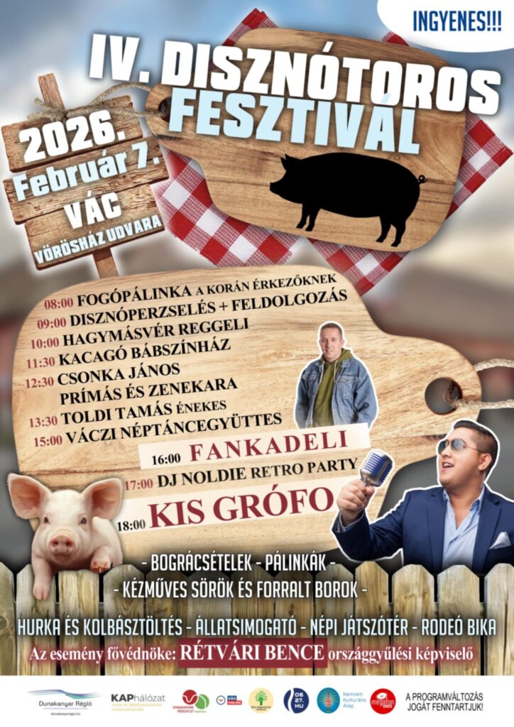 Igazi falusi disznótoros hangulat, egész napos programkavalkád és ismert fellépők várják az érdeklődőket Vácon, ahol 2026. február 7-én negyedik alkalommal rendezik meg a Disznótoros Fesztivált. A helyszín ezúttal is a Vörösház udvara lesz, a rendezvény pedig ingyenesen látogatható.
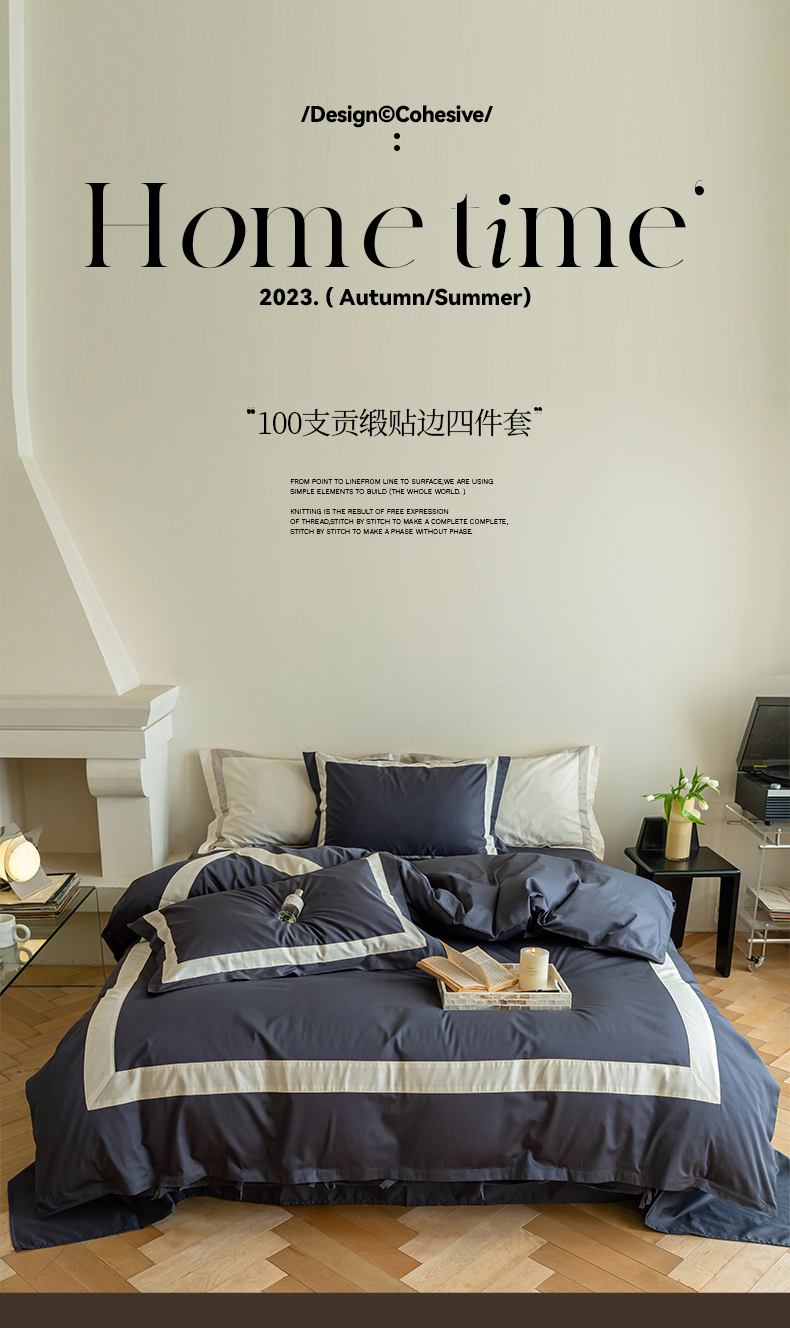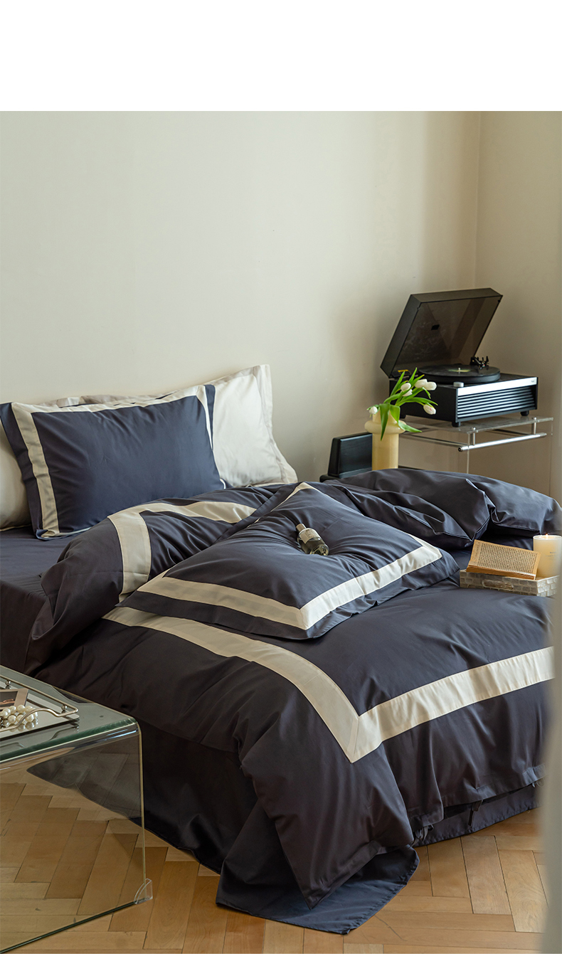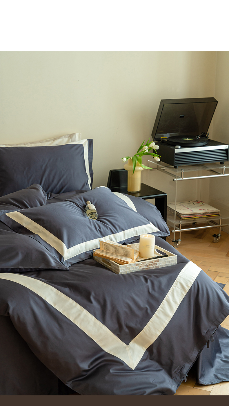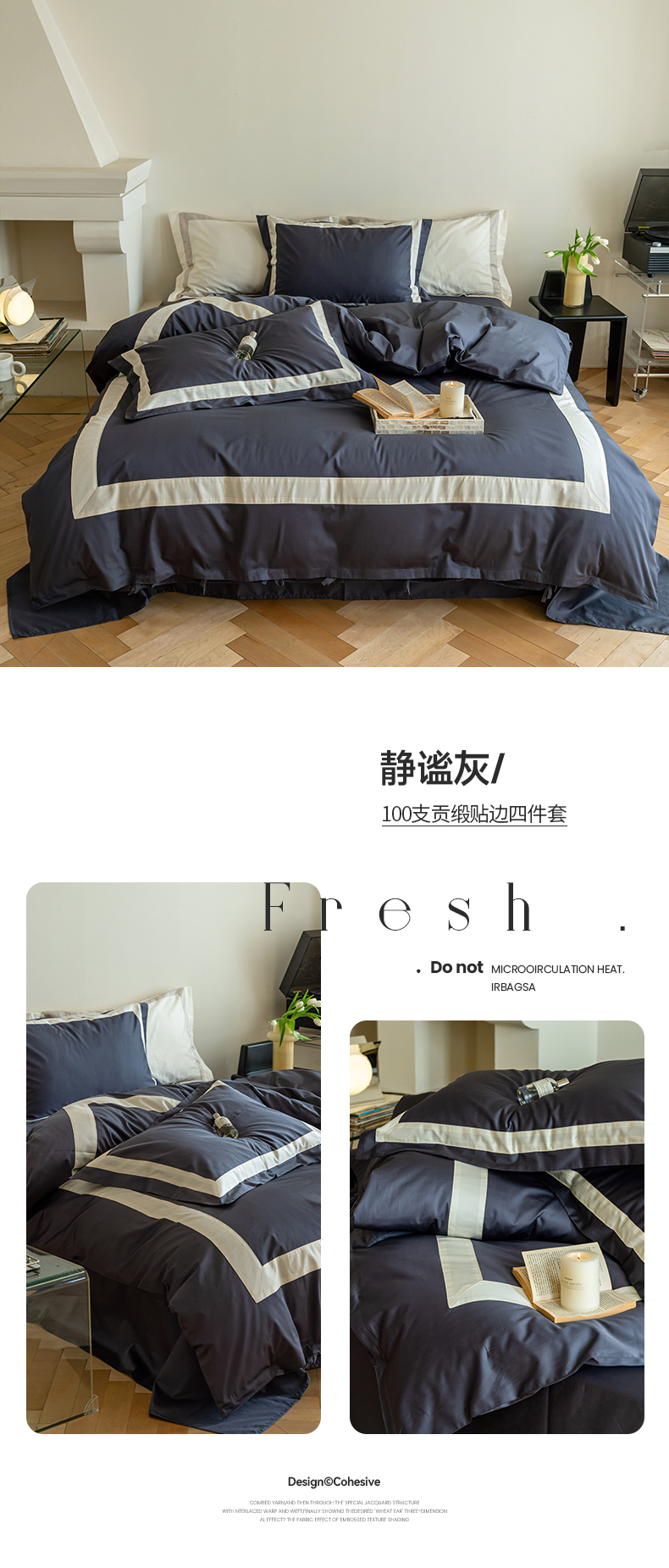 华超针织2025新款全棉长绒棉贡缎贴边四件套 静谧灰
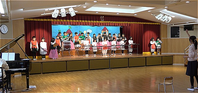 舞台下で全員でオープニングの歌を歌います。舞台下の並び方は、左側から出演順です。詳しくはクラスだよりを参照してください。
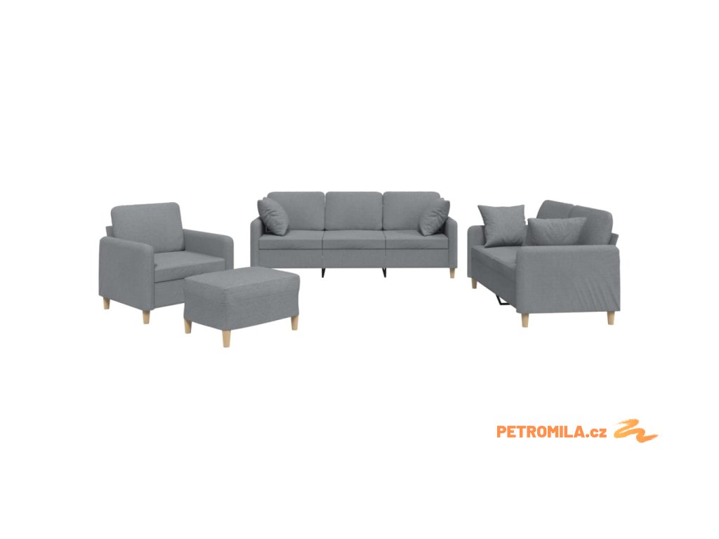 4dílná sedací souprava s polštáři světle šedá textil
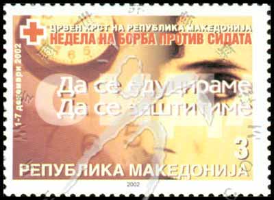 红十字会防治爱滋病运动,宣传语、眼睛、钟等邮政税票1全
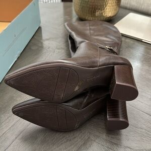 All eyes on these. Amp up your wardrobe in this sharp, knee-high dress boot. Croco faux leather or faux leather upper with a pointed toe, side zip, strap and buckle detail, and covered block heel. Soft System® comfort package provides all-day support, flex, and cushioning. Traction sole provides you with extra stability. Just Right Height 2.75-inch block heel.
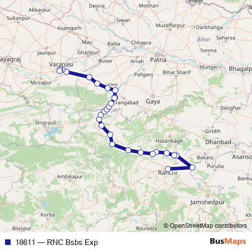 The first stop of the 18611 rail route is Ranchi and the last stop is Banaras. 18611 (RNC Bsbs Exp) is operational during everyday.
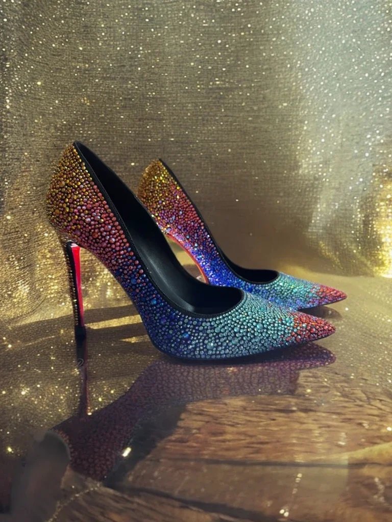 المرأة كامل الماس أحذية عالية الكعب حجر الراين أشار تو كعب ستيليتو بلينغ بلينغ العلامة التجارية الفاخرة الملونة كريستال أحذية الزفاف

> _WHAT NEEDS TO BE DONE_:
Skip every image and output the remaining records exactly.

> _RESULT OF THE EXERCISE_:
 Igazi falusi disznótoros hangulat, egész napos programkavalkád és ismert fellépők várják az érdeklődőket Vácon, ahol 2026. február 7-én negyedik alkalommal rendezik meg a Disznótoros Fesztivált. A helyszín ezúttal is a Vörösház udvara lesz, a rendezvény pedig ingyenesen látogatható.
 华超针织2025新款全棉长绒棉贡缎贴边四件套 静谧灰
 舞台下で全員でオープニングの歌を歌います。舞台下の並び方は、左側から出演順です。詳しくはクラスだよりを参照してください。
 4dílná sedací souprava s polštáři světle šedá textil
 红十字会防治爱滋病运动,宣传语、眼睛、钟等邮政税票1全
 All eyes on these. Amp up your wardrobe in this sharp, knee-high dress boot. Croco faux leather or faux leather upper with a pointed toe, side zip, strap and buckle detail, and covered block heel. Soft System® comfort package provides all-day support, flex, and cushioning. Traction sole provides you with extra stability. Just Right Height 2.75-inch block heel.
 The first stop of the 18611 rail route is Ranchi and the last stop is Banaras. 18611 (RNC Bsbs Exp) is operational during everyday.
 المرأة كامل الماس أحذية عالية الكعب حجر الراين أشار تو كعب ستيليتو بلينغ بلينغ العلامة التجارية الفاخرة الملونة كريستال أحذية الزفاف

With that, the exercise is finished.